I sure would prefer that. Wouldn't you prefer that? Writing is cumbersome, laborious, and, often, for me, lugubrious. I lumber along in my doofis way trying to get my doofis ideas down so I can share them with invisible and mostly imaginary audience members out in the enormous amount of empty ether world of cyberspace. And this only makes sense: computers are created by programmers, or at least their operating systems and the applications we access via the internet are, so why wouldn't a mode of expression based on the model of computer programming be a better way of communicating ON a computer? The symbolic virtua-language of embedded applications, the virtual bookshelf, all that shit--it all works from the programmer metaphor, in the sense that you put in a bunch of code (the application itself is a symbolic visual rendering of a whole bunch of code, a whole bunch of specialized language, that's been set to GO using electricity through 1/0 binary holes) and then BOOM! The code that is your personal preference, your identity through music, books, movies, etc. pops out after you hit your version of GO, the Submit button, in a visually appealing, streamlined, embedded form, with all the assocations and nuance and complexities worked right into it. (one indirect piece of evidence I would inject humbly for your consideration in this aside is something else that I noticed while editing my Virtual Bookshelf and having my revelation that frustrated the living hell out of me--namely, that monitors don't work in the natural light of the sun. It's too bright. A computer is an indoor device. It is best viewed under flourescent light. If that isn't proof that the logic, mindset, and environment of the programmer makes itself manifest in the machine programmed, I don't know what does.) This new programmer symbolic virtua-language is not linear in quite the same way as words and sentences are, and so demands a different kind of thinking to access and create and work within it. It works from the bubble bursts and webbings of, well, the web, and hyperlinks, and creating what constitutes more or less a virtual associative apparatus of who you are.

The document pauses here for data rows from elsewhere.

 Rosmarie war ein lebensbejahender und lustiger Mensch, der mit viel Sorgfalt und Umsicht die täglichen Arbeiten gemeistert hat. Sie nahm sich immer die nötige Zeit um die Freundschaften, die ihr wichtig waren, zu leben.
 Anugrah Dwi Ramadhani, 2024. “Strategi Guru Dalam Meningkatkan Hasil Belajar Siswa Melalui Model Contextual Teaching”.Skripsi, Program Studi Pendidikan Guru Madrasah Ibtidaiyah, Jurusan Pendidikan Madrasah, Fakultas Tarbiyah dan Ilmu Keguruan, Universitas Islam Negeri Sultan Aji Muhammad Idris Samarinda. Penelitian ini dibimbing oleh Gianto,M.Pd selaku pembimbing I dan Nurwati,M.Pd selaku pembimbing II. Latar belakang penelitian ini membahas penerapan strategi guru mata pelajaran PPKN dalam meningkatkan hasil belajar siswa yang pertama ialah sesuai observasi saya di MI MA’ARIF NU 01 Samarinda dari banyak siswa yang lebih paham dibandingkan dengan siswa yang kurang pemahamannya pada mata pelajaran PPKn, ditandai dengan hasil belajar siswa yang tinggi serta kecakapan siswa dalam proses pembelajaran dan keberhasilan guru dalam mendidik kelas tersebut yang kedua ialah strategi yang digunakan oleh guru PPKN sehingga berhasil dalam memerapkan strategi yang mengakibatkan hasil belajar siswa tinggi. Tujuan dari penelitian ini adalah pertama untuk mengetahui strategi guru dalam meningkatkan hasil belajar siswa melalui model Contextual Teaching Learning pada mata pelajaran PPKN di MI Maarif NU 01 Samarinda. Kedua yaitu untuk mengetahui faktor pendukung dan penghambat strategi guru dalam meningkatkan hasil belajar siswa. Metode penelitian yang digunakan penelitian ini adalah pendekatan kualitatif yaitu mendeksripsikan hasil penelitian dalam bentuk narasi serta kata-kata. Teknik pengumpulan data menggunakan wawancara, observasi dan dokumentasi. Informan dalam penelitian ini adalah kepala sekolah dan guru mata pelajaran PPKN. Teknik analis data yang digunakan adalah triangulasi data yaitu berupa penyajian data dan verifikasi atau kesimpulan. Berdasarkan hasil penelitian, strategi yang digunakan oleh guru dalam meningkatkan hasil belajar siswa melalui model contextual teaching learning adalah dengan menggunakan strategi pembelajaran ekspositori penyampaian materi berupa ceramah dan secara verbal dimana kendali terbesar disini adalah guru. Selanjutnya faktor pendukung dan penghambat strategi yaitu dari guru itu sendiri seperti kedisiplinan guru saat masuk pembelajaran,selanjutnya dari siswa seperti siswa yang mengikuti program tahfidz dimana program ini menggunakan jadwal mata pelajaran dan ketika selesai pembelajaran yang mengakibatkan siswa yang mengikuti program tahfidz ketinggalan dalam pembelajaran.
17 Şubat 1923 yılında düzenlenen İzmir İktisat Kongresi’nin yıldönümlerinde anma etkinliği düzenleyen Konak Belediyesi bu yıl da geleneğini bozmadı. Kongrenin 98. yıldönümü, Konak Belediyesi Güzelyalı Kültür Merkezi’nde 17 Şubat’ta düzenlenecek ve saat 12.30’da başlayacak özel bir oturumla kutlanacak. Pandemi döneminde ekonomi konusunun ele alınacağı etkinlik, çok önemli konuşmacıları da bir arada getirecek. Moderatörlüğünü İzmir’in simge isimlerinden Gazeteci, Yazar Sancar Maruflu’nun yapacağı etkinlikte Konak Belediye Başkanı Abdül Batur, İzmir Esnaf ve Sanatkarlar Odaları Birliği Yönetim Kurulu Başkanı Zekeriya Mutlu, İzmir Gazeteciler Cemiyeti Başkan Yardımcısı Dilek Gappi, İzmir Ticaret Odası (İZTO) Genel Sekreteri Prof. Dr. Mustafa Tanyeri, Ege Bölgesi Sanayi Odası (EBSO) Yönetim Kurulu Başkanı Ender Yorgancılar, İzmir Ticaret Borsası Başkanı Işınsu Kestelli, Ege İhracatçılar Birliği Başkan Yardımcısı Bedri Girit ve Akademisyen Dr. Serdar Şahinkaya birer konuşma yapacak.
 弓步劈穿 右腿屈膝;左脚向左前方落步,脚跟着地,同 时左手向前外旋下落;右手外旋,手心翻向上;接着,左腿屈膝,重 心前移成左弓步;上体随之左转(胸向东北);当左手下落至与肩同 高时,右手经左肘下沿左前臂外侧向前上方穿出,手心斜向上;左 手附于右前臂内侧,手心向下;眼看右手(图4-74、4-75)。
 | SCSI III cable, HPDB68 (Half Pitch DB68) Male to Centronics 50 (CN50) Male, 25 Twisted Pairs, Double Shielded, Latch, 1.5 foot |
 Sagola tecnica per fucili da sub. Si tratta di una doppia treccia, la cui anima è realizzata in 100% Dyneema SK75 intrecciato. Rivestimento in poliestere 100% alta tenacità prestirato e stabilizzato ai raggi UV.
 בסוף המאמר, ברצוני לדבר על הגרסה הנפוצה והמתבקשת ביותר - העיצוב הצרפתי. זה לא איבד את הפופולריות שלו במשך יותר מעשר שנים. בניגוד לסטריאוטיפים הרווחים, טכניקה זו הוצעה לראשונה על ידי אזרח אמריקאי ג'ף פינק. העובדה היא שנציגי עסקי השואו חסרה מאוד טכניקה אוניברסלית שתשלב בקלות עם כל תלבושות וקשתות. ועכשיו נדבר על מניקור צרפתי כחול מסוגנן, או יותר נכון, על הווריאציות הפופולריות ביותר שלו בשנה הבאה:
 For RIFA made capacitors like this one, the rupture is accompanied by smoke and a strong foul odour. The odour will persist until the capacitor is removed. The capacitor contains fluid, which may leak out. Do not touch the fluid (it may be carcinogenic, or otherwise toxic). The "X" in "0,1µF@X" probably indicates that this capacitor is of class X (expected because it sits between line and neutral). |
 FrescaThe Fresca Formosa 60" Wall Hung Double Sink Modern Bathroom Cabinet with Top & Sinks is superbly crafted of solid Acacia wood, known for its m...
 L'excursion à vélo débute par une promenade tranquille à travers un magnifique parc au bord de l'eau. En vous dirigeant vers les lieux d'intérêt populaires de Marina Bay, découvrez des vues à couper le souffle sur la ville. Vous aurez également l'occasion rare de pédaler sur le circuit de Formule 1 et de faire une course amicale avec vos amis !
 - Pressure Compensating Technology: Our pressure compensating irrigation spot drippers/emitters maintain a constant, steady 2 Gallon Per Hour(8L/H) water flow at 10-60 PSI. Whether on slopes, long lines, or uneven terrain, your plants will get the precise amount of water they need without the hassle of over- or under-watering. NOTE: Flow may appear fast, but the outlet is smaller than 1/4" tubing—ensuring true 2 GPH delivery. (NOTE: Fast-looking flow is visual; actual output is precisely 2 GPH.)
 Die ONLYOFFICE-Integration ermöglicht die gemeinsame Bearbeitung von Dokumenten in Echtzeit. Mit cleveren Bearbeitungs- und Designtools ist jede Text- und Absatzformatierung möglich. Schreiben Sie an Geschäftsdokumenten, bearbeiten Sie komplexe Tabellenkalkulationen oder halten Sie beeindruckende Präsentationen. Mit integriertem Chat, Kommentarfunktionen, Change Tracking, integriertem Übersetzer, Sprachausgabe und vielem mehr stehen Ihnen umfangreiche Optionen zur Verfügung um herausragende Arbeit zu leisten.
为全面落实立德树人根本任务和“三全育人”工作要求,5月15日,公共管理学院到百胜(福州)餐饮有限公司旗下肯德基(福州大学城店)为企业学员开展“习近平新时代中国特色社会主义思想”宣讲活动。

But there are limits, of course. The medium is limited in scope (for now at least) to the online and hardware/software world. We haven't QUITE learned how to translate the mentality or mindset or metaphor or whatever you wanna call it, the approach, of computer programming and web navigation to other, non-computing oriented parts of our lives. Or at least I haven't seen it yet, though I suspect globalization doesn't happen in quite the same way without the internet hitting America so hard when it did all those years ago. For now, though, the word is a universal remonster, a massive swiss army knife, a skeleton key for getting, approximately, what I'm thinking, feeling, seeing, smelling, hearing, touching, and tasting to you in a mutually understood way. Words are quick and dirty, and every now and then, in that magical super-real unreal superbrilliant sparkledust moment of magic wand waving, the words go past their meaning and I tickle your heart, and you're right there with me when I give a strung out waif in a pink bubbledown vest my dinner leftovers, you can the hunger and hear and animalism in her eyes when I hand it to her, followed exactly and immediately by gratitude, and you can be there with me beyond space and time when I find out how she scarfed it all down while whispering praise jesus, your heart thumping in anticipation of the news, your face flush with the receiving of it, and you will exhale, too, in relief when it's all over.

But only if I do it just right, and only until we find some way to scrap these words in favor of a better instrument. Let it come, I say: let print be print and virtual be virtual and let us make each other real through both.